* _GIVEN DATA_
• • • • • • •

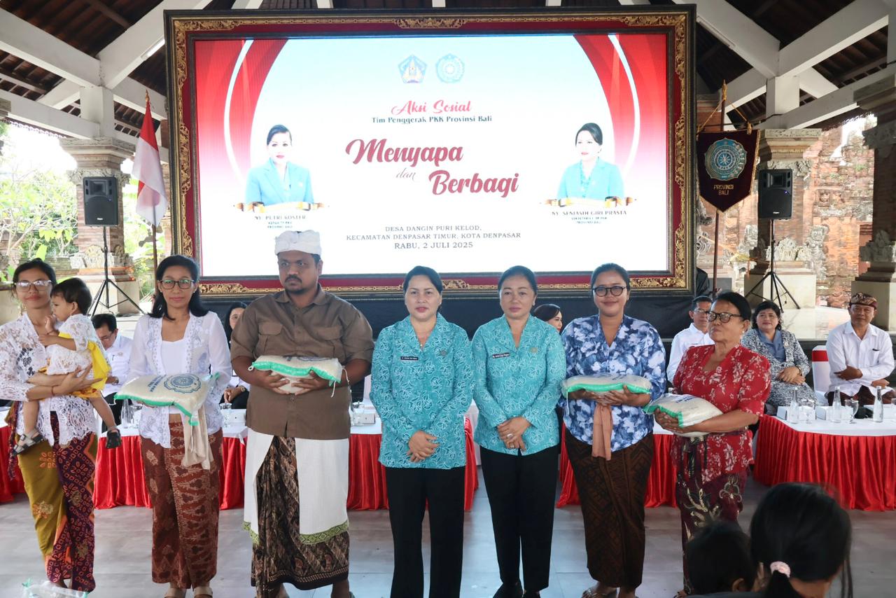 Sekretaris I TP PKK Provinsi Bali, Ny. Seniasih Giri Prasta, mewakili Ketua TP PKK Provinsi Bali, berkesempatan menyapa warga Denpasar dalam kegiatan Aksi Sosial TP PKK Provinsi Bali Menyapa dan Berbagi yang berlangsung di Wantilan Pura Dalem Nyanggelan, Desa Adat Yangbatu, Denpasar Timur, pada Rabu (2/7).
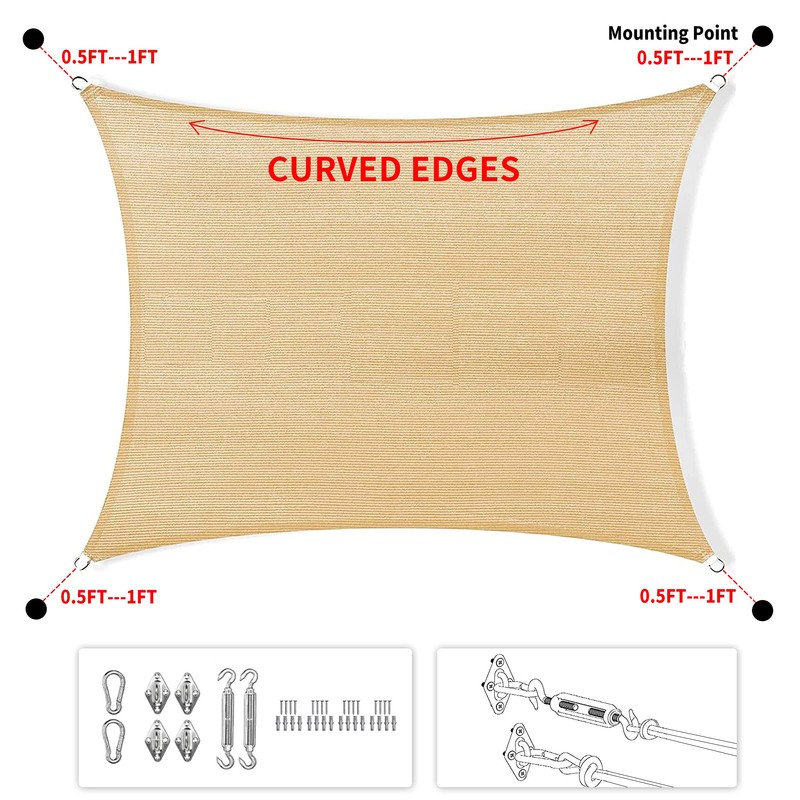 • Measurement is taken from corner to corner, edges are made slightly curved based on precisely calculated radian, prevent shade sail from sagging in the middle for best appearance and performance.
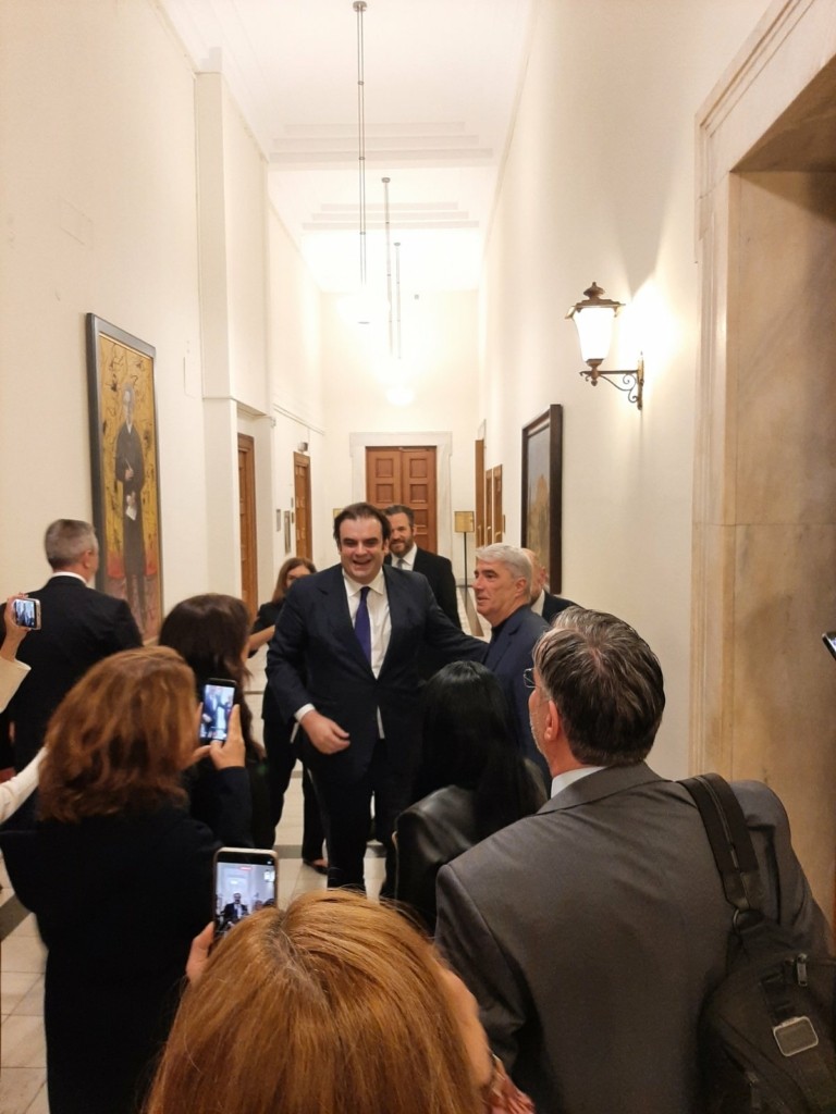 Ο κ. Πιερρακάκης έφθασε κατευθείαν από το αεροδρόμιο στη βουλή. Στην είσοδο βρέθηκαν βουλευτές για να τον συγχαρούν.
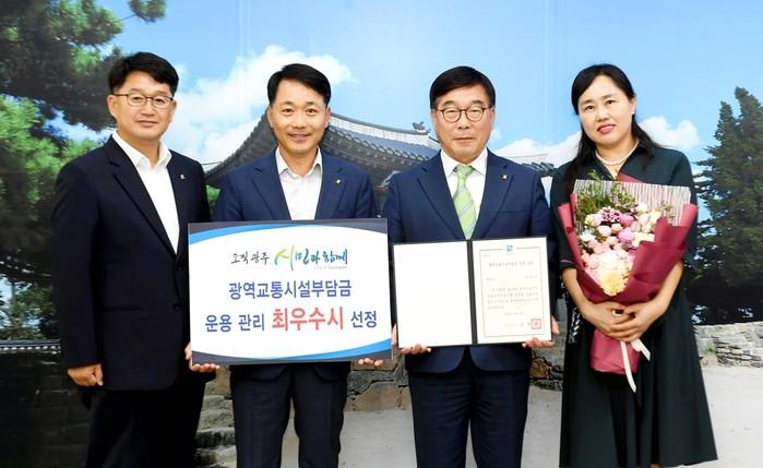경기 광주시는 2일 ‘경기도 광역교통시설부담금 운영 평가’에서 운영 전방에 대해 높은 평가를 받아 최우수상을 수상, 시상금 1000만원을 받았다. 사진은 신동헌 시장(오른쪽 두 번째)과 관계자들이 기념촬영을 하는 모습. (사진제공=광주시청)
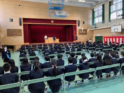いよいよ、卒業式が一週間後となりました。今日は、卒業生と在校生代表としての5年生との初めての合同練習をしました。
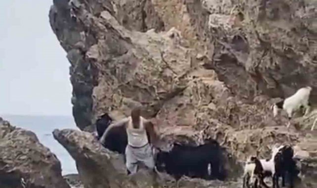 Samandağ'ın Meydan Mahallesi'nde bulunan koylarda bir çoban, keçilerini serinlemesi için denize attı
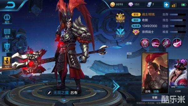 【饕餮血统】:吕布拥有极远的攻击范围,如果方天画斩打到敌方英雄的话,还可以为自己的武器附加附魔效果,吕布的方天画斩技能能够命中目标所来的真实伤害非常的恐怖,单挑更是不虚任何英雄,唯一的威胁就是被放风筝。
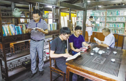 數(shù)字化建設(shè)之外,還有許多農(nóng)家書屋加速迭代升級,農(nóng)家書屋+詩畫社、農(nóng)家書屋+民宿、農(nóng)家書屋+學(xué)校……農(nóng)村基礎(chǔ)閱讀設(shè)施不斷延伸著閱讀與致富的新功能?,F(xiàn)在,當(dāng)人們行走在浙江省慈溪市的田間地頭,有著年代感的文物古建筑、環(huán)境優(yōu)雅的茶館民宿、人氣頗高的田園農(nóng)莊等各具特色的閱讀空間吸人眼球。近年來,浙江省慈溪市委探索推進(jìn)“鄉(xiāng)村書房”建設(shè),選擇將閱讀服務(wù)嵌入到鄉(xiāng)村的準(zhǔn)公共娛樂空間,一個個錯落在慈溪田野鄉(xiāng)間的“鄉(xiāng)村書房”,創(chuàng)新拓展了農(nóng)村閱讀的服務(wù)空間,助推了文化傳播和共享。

• • • • • • •

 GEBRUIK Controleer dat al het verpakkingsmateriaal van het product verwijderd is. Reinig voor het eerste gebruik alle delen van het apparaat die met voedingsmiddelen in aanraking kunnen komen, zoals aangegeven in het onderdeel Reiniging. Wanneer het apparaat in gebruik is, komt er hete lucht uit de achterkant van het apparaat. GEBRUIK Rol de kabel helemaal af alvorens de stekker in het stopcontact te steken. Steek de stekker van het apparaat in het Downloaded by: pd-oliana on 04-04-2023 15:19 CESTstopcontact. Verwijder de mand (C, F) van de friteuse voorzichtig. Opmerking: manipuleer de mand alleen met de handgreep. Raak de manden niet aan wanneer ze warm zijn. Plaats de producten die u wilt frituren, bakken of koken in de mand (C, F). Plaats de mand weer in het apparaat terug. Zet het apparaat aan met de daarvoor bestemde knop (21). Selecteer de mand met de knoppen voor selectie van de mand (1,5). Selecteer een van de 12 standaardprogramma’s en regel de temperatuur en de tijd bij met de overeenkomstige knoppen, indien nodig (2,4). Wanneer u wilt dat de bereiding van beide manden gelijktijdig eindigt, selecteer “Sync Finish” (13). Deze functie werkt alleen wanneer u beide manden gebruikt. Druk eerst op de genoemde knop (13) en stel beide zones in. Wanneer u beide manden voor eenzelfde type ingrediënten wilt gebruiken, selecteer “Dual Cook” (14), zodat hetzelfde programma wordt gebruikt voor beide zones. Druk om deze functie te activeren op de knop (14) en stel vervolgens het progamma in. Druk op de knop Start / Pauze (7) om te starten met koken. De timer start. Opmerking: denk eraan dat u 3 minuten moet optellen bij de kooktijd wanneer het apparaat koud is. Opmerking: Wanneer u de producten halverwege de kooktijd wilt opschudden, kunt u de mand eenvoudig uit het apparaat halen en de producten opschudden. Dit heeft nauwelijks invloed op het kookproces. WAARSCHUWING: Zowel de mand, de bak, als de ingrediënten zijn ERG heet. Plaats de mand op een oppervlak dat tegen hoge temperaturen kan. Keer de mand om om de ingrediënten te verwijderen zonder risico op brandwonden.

• • • • • • •

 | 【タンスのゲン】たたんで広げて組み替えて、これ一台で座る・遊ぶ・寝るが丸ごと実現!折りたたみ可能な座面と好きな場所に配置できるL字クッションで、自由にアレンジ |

• • • • • • •

* _ACTIVITY_
Your reply is to be an exact repeat of the listing above from the line holding "Sekretaris I TP" down to the line holding "數(shù)字化建設(shè", ends included, pictures excluded.

* _RESPONSE TO THIS EXERCISE_
 Sekretaris I TP PKK Provinsi Bali, Ny. Seniasih Giri Prasta, mewakili Ketua TP PKK Provinsi Bali, berkesempatan menyapa warga Denpasar dalam kegiatan Aksi Sosial TP PKK Provinsi Bali Menyapa dan Berbagi yang berlangsung di Wantilan Pura Dalem Nyanggelan, Desa Adat Yangbatu, Denpasar Timur, pada Rabu (2/7).
 • Measurement is taken from corner to corner, edges are made slightly curved based on precisely calculated radian, prevent shade sail from sagging in the middle for best appearance and performance.
 Ο κ. Πιερρακάκης έφθασε κατευθείαν από το αεροδρόμιο στη βουλή. Στην είσοδο βρέθηκαν βουλευτές για να τον συγχαρούν.
경기 광주시는 2일 ‘경기도 광역교통시설부담금 운영 평가’에서 운영 전방에 대해 높은 평가를 받아 최우수상을 수상, 시상금 1000만원을 받았다. 사진은 신동헌 시장(오른쪽 두 번째)과 관계자들이 기념촬영을 하는 모습. (사진제공=광주시청)
いよいよ、卒業式が一週間後となりました。今日は、卒業生と在校生代表としての5年生との初めての合同練習をしました。
 Samandağ'ın Meydan Mahallesi'nde bulunan koylarda bir çoban, keçilerini serinlemesi için denize attı
 【饕餮血统】:吕布拥有极远的攻击范围,如果方天画斩打到敌方英雄的话,还可以为自己的武器附加附魔效果,吕布的方天画斩技能能够命中目标所来的真实伤害非常的恐怖,单挑更是不虚任何英雄,唯一的威胁就是被放风筝。
 數(shù)字化建設(shè)之外,還有許多農(nóng)家書屋加速迭代升級,農(nóng)家書屋+詩畫社、農(nóng)家書屋+民宿、農(nóng)家書屋+學(xué)校……農(nóng)村基礎(chǔ)閱讀設(shè)施不斷延伸著閱讀與致富的新功能?,F(xiàn)在,當(dāng)人們行走在浙江省慈溪市的田間地頭,有著年代感的文物古建筑、環(huán)境優(yōu)雅的茶館民宿、人氣頗高的田園農(nóng)莊等各具特色的閱讀空間吸人眼球。近年來,浙江省慈溪市委探索推進(jìn)“鄉(xiāng)村書房”建設(shè),選擇將閱讀服務(wù)嵌入到鄉(xiāng)村的準(zhǔn)公共娛樂空間,一個個錯落在慈溪田野鄉(xiāng)間的“鄉(xiāng)村書房”,創(chuàng)新拓展了農(nóng)村閱讀的服務(wù)空間,助推了文化傳播和共享。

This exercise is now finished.